__Task__.
Lines from the beginning of the material below through the line that has "Floral with hounds" are to be reproduced exactly, but pictures are not.

__Listed entries__.
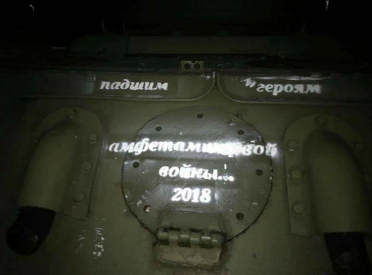 Женщина написала на своей странице в Facebook, что на танке появились надписи, чествующие "падших" героев "амфетаминовой войны".
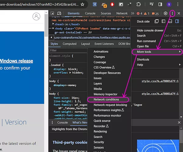 Click the 3-dot button within the Developer tools section to open the menu. Bring your mouse cursor over the “More tools” and then select “Network conditions” from the side panel. This opens a Network condition tab within the Developer tools section. It sits at the lower end of the section from there you can resize it upward to make it larger.
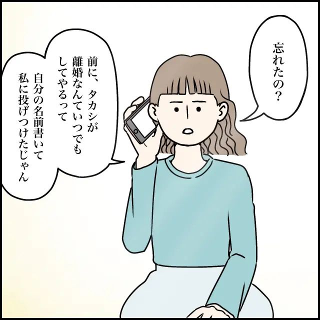 すると、「忘れたの?前にタカシが離婚なんていつでもしてやるって、自分の名前書いて私に投げつけたじゃん」とどこまでも冷静なスズカさんが淡々と話すと、
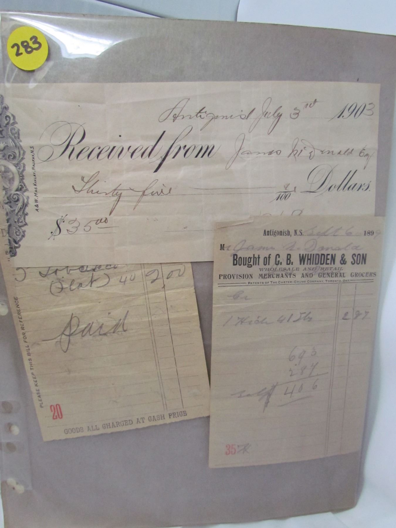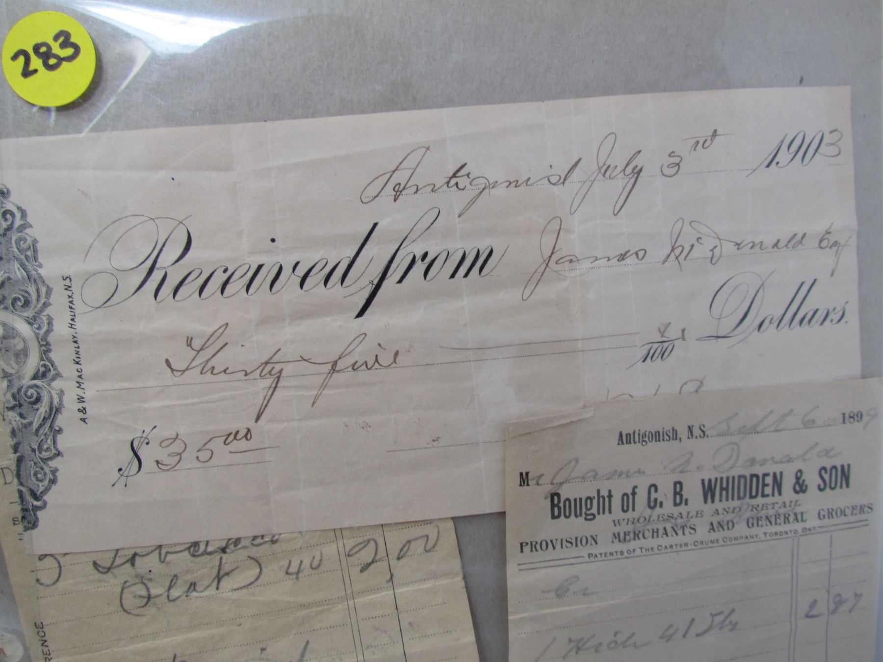 LOT OF RECIEPTS (1800'S AND 1900'S)
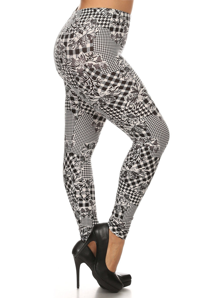 Floral with hounds tooth printed knit legging with elastic waistband, and high waist fit
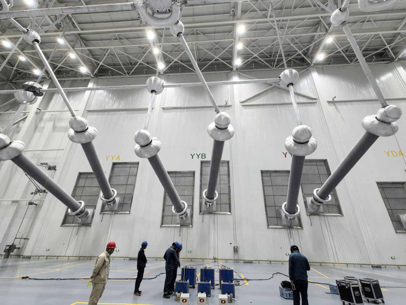 極高端閥側(cè) YY注流100A,網(wǎng)側(cè)感應(yīng)電流22A,YY方式中儀器只需N線接地排,合上閥廳地刀,儀器A / B / C相分別接對應(yīng)柱子即可形成回路。YY方式注流需要串聯(lián)電抗器,根據(jù)實際串入電抗器后的阻抗反推短路阻抗參數(shù),也可根據(jù)電抗器銘牌 , 加上 YY方式換流變阻抗 后計算 得出 。
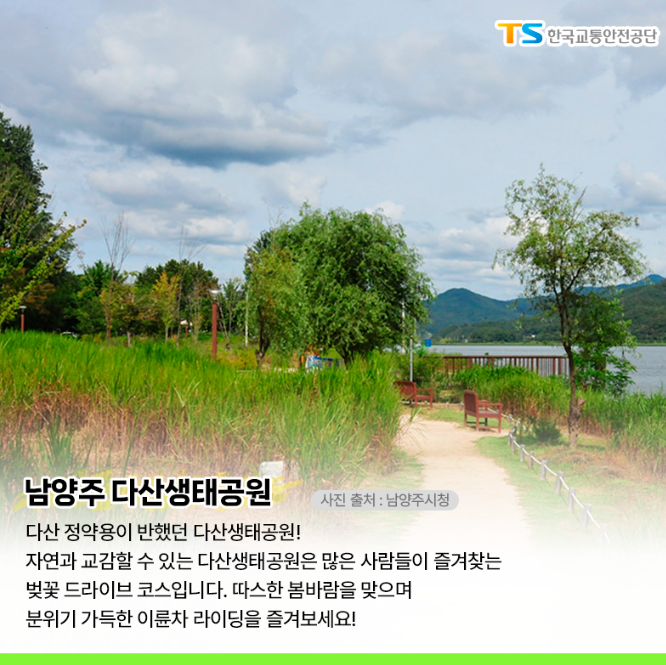 자연과 교감할 수 있는 다산 생태공원은 많은 사람들이 즐겨 찾는 벚꽃 드라이브 코스입니다. 따스한 봄바람을 맞으며 분위기 가득한 이륜차 라이딩을 즐기면 좋을 것 같습니다.
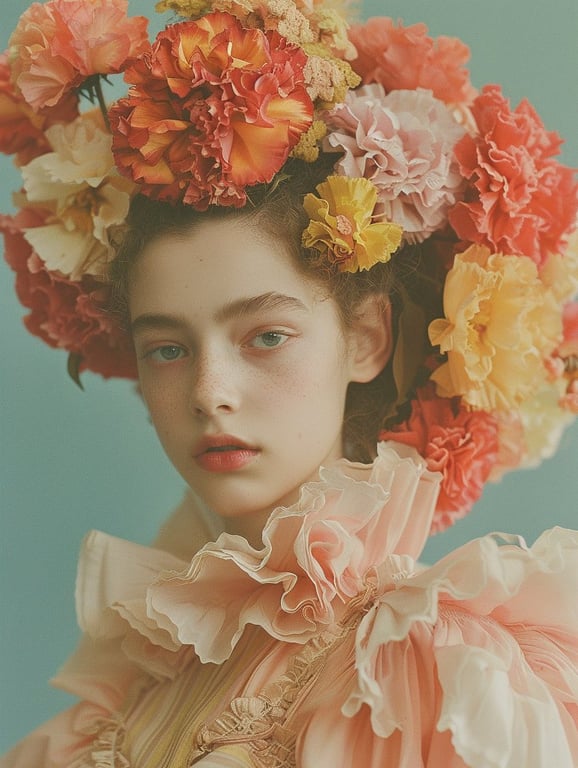 A simple, high-level prompt used to compare different AI models (Midjourney, GPT, Nano Banana Pro, Grok), requesting a photorealistic portrait of a fashion model wearing a huge flower hairband, rendered in an 8K disposable photography style.
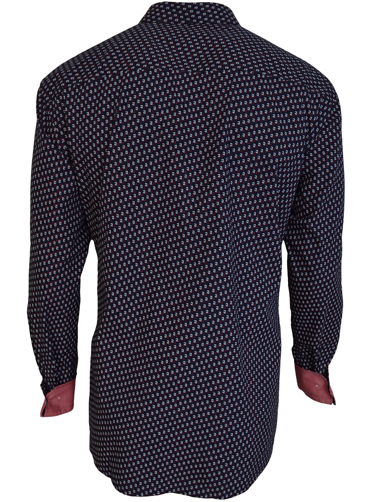 The Flinn long sleeve dress shirt features a sophisticated navy base accentuated by a subtle white and burgundy print pattern. Its distinctive burgundy contrast on the cuffs, placket, and collar adds refined detail, elevating the overall design. Perfectly paired with navy or burgundy chinos, this shirt offers versatile styling options ideal for both professional and smart-casual settings. Crafted to combine classic elegance with a modern edge, the Flinn shirt ensures you present a polished, confident look.
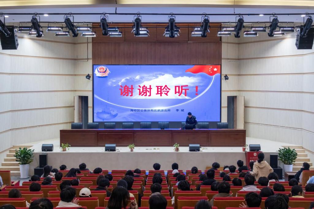 2025年4月1日,太阳集团tyc4633“一站式”员工社区在咨询楼报告厅举行了以“法制进校园,安全伴我行”为主题的2025年春季安全知识讲座,此次讲座邀请了海经区公安分局昆鹏派出所李斌警官做主讲人为同学们普及反诈知识,太阳集团tyc4633所有班委及寝室长共同参与了此次会议。此次讲座从防诈骗、防溺水等方面筑牢校园安全防线。
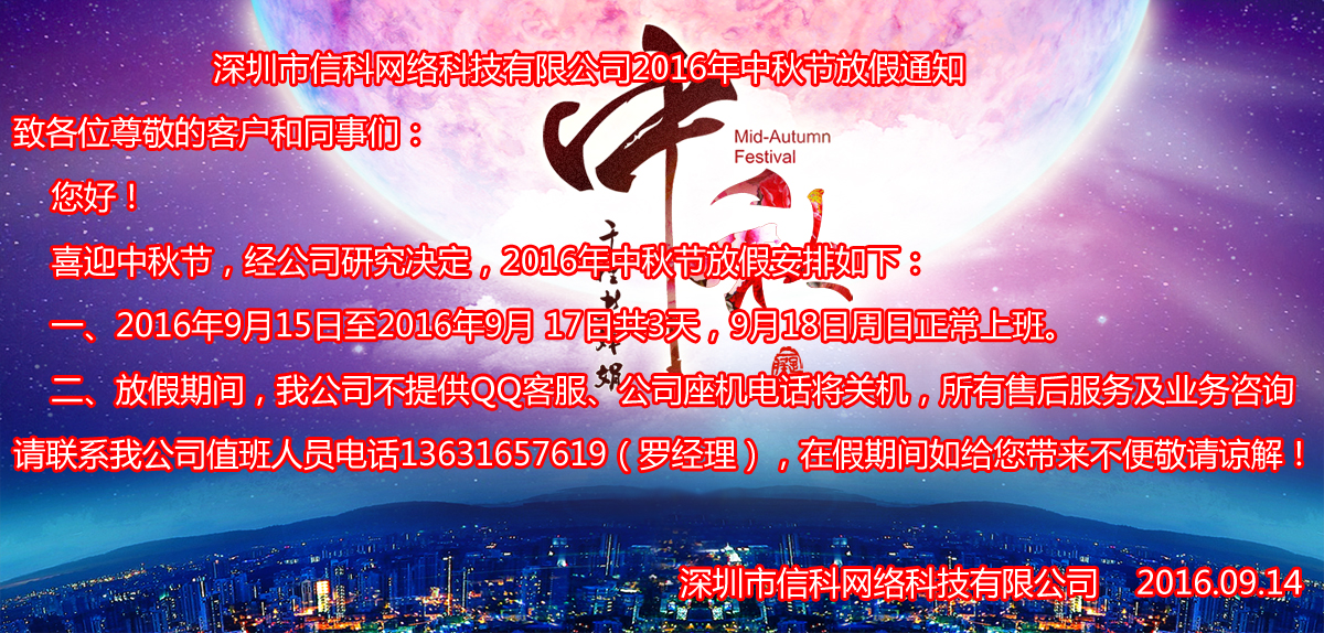 深圳市信科網絡科技有限公司2016年中秋節放(fàng)假通知(zhī)

__Expected answer__.
 Женщина написала на своей странице в Facebook, что на танке появились надписи, чествующие "падших" героев "амфетаминовой войны".
 Click the 3-dot button within the Developer tools section to open the menu. Bring your mouse cursor over the “More tools” and then select “Network conditions” from the side panel. This opens a Network condition tab within the Developer tools section. It sits at the lower end of the section from there you can resize it upward to make it larger.
 すると、「忘れたの?前にタカシが離婚なんていつでもしてやるって、自分の名前書いて私に投げつけたじゃん」とどこまでも冷静なスズカさんが淡々と話すと、
 LOT OF RECIEPTS (1800'S AND 1900'S)
 Floral with hounds tooth printed knit legging with elastic waistband, and high waist fit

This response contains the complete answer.